2019-07-25 –, Room 349
If you're familiar with Julia and its ecosystem, you may have noticed something lovely but a bit puzzling: there seems to be an unusually large amount of code reuse between packages compared to other seemingly similar languages. This sharing of code comes in two forms:
- Sharing basic types among a wide variety of packages providing disparate functionality;
- Sharing generic algorithms that work on various implementations of common abstractions.
Why does generic code in Julia "just work"? Why do Julia packages seem to share types with so little friction? Both kinds of reuse are supposed to be natural benefits of class-based object-oriented languages. After all, inheritance and encapsulation are two of the four pillars of OOP. Even more puzzling is that Julia has no encapsulation and doesn't allow inheriting from concrete types at all. Yet both kinds of code reuse are rampant. What is going on? In this talk, I make the case that both of kinds sharing stem directly from Julia's multiple dispatch programming paradigm.

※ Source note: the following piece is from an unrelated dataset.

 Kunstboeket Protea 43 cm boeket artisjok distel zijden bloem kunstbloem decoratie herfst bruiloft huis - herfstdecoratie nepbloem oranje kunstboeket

The former kind of sharing of types stems from the external nature of multiple dispatch: the source of many problems in class-based OOP is that methods have to live "inside of" classes. Simply by associating methods with generic functions rather than the type that they operate on, multiple dispatch avoids many of the problems that OOP has.

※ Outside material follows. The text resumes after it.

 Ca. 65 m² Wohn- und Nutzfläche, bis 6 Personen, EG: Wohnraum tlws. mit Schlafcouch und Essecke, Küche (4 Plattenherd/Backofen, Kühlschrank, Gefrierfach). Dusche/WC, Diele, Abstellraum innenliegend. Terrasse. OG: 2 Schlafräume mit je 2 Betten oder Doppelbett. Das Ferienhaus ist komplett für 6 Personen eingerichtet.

The latter kind of sharing stems from the ability to correctly choose specialized code based on the types of all arguments of a function. There are patterns like double dispatch to try to deal with this in single dispatch languages, but they are cumbersome, brittle and opt-in, meaning that unless someone else planned for you to extend their code, you are unlikely to be able to do so.
Stefan is one of the co-creators of Julia and a co-founder of Julia Computing. Before Julia, he was a software engineer and data scientist at Akamai, Citrix Online, and Etsy. In addition to running Julia Computing, he holds a part-time appointment as a Research Engineer at New York University as part of the Moore-Sloan Data Science Environment.